## WORK ITEM
Any picture must be dropped, but each line of the data should be duplicated exactly.

Extracted data entries
*** Begin section ***

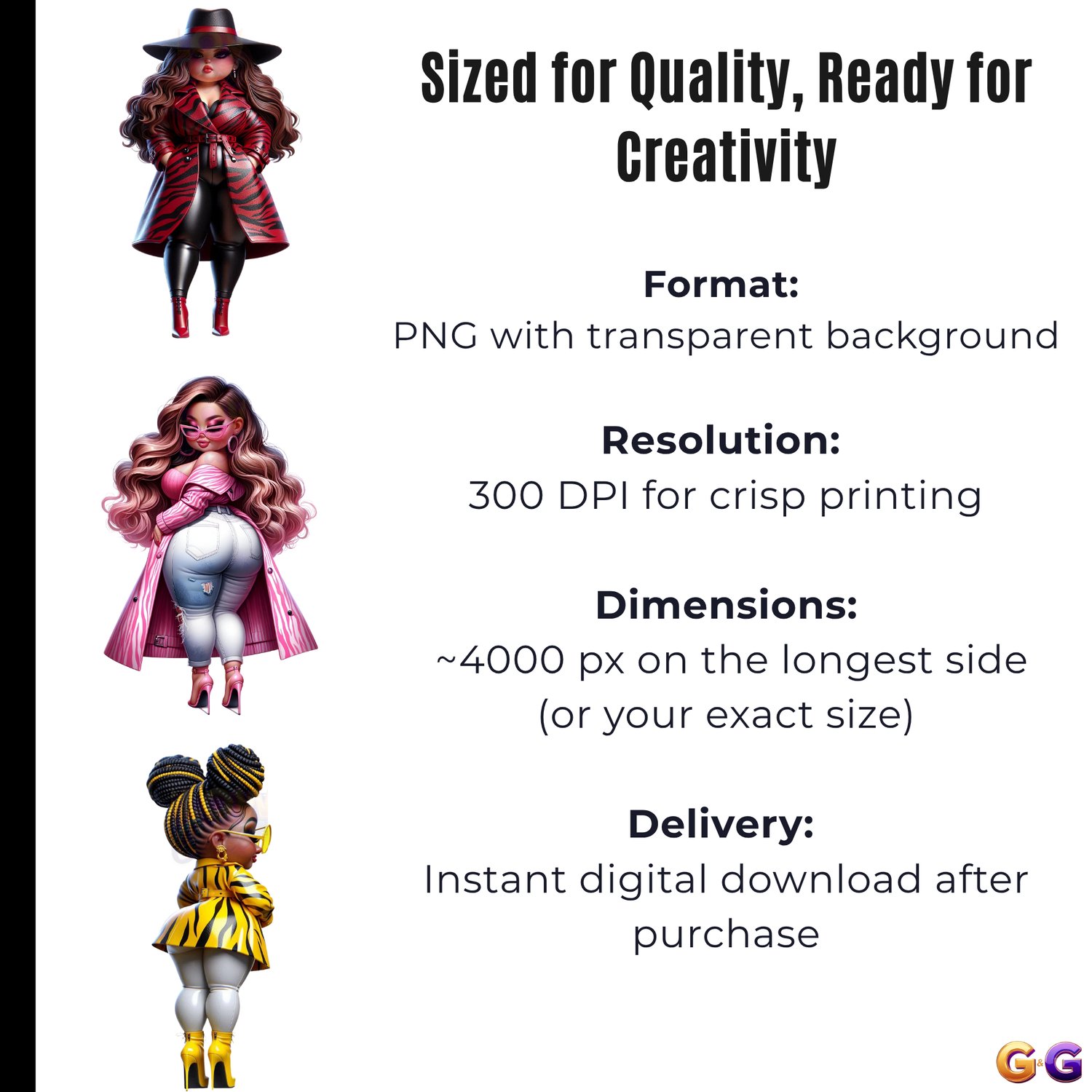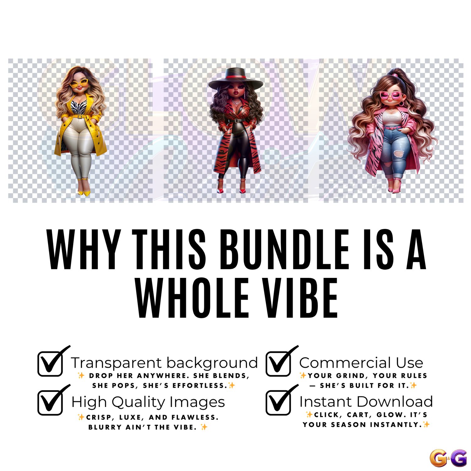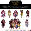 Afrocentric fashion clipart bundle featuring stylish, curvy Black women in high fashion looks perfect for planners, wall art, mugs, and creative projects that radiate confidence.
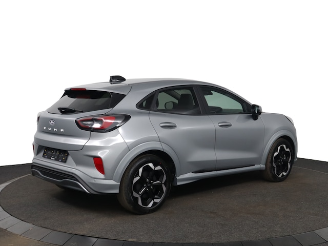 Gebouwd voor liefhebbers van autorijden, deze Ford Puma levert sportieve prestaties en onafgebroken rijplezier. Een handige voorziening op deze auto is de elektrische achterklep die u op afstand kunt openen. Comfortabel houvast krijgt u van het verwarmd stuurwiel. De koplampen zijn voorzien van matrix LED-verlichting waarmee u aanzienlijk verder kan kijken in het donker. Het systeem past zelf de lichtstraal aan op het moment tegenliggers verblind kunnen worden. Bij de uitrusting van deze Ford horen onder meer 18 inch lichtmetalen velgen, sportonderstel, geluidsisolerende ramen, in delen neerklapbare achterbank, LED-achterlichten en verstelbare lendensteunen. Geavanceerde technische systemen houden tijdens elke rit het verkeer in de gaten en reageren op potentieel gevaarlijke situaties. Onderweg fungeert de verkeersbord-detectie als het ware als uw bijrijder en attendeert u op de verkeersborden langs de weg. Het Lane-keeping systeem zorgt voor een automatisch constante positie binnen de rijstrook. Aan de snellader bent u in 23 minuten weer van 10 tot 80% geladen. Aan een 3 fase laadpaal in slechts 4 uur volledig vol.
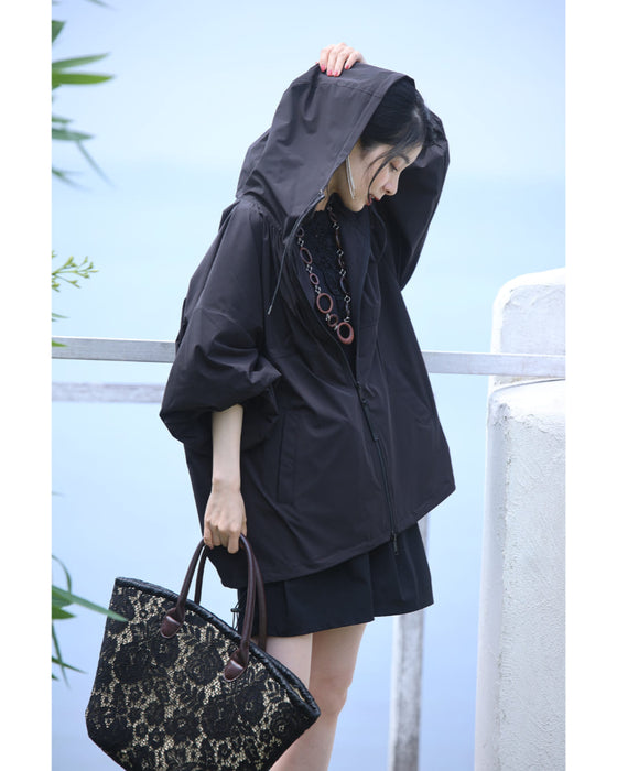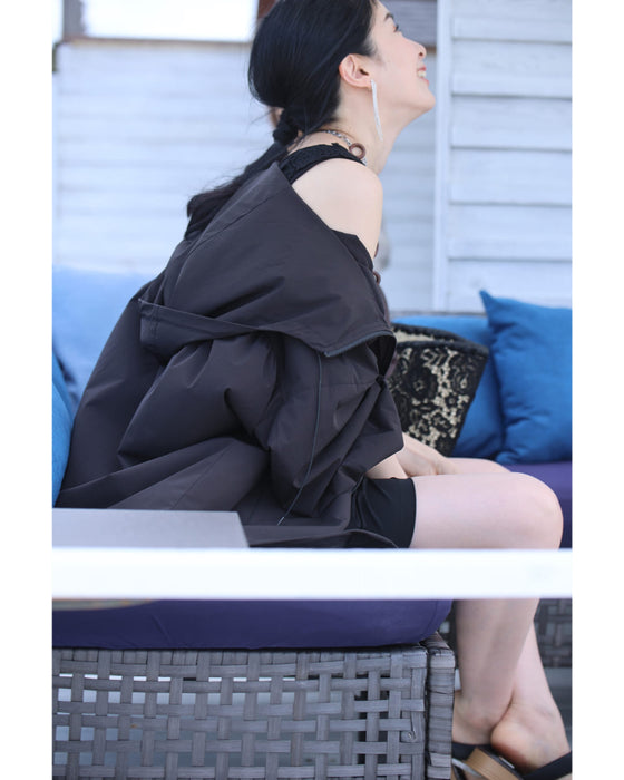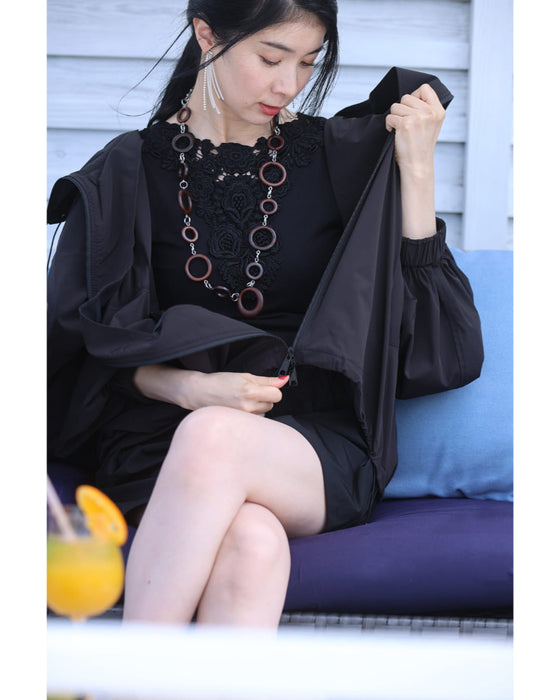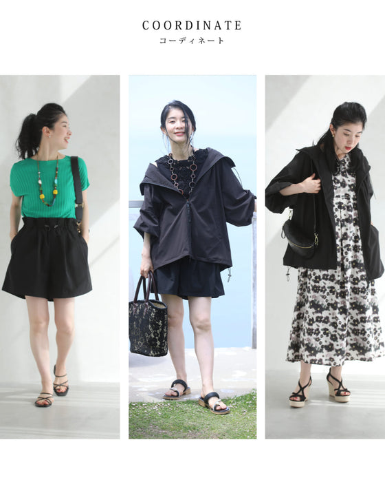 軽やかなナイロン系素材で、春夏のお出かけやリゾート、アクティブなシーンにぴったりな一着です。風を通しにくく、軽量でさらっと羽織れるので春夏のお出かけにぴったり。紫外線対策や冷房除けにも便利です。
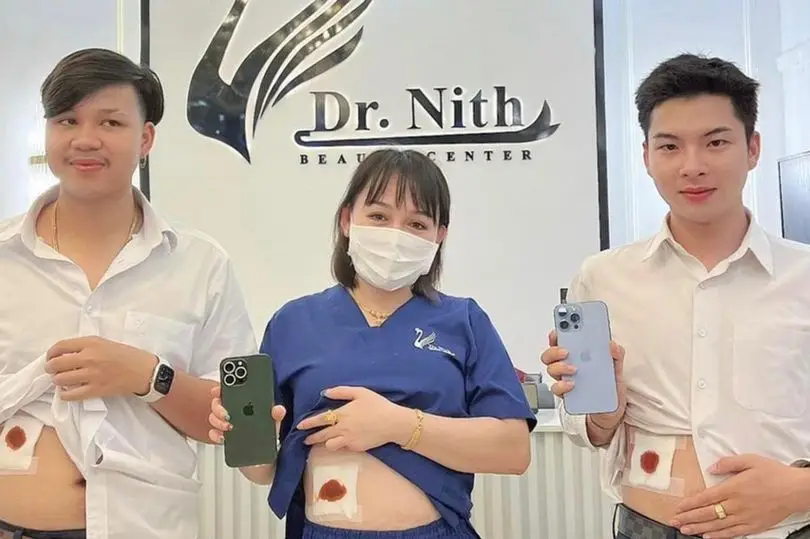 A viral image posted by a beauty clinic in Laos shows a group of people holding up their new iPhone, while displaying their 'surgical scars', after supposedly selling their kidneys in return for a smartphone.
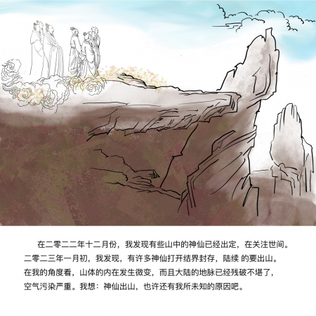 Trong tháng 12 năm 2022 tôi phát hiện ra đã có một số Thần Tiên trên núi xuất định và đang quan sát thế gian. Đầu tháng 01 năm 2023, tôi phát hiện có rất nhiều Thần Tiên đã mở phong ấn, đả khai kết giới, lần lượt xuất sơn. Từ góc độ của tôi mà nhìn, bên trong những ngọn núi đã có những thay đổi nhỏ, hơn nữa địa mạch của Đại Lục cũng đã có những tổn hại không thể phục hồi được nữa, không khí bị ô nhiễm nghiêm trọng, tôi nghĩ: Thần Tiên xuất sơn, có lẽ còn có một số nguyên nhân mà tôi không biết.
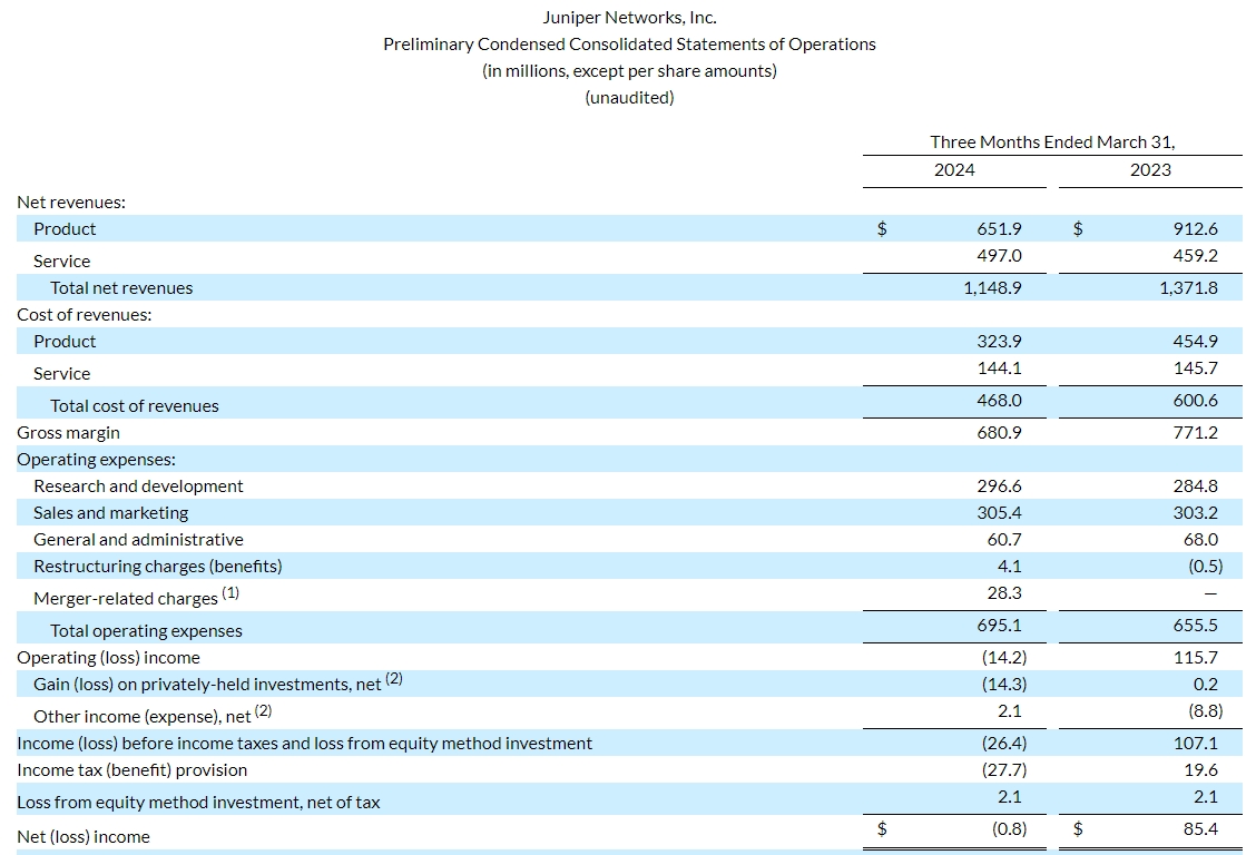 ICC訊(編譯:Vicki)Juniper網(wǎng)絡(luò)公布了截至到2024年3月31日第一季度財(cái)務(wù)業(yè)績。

*** End section ***

## EXPECTED ANSWER
 Afrocentric fashion clipart bundle featuring stylish, curvy Black women in high fashion looks perfect for planners, wall art, mugs, and creative projects that radiate confidence.
 Gebouwd voor liefhebbers van autorijden, deze Ford Puma levert sportieve prestaties en onafgebroken rijplezier. Een handige voorziening op deze auto is de elektrische achterklep die u op afstand kunt openen. Comfortabel houvast krijgt u van het verwarmd stuurwiel. De koplampen zijn voorzien van matrix LED-verlichting waarmee u aanzienlijk verder kan kijken in het donker. Het systeem past zelf de lichtstraal aan op het moment tegenliggers verblind kunnen worden. Bij de uitrusting van deze Ford horen onder meer 18 inch lichtmetalen velgen, sportonderstel, geluidsisolerende ramen, in delen neerklapbare achterbank, LED-achterlichten en verstelbare lendensteunen. Geavanceerde technische systemen houden tijdens elke rit het verkeer in de gaten en reageren op potentieel gevaarlijke situaties. Onderweg fungeert de verkeersbord-detectie als het ware als uw bijrijder en attendeert u op de verkeersborden langs de weg. Het Lane-keeping systeem zorgt voor een automatisch constante positie binnen de rijstrook. Aan de snellader bent u in 23 minuten weer van 10 tot 80% geladen. Aan een 3 fase laadpaal in slechts 4 uur volledig vol.
 軽やかなナイロン系素材で、春夏のお出かけやリゾート、アクティブなシーンにぴったりな一着です。風を通しにくく、軽量でさらっと羽織れるので春夏のお出かけにぴったり。紫外線対策や冷房除けにも便利です。
 A viral image posted by a beauty clinic in Laos shows a group of people holding up their new iPhone, while displaying their 'surgical scars', after supposedly selling their kidneys in return for a smartphone.
 Trong tháng 12 năm 2022 tôi phát hiện ra đã có một số Thần Tiên trên núi xuất định và đang quan sát thế gian. Đầu tháng 01 năm 2023, tôi phát hiện có rất nhiều Thần Tiên đã mở phong ấn, đả khai kết giới, lần lượt xuất sơn. Từ góc độ của tôi mà nhìn, bên trong những ngọn núi đã có những thay đổi nhỏ, hơn nữa địa mạch của Đại Lục cũng đã có những tổn hại không thể phục hồi được nữa, không khí bị ô nhiễm nghiêm trọng, tôi nghĩ: Thần Tiên xuất sơn, có lẽ còn có một số nguyên nhân mà tôi không biết.
 ICC訊(編譯:Vicki)Juniper網(wǎng)絡(luò)公布了截至到2024年3月31日第一季度財(cái)務(wù)業(yè)績。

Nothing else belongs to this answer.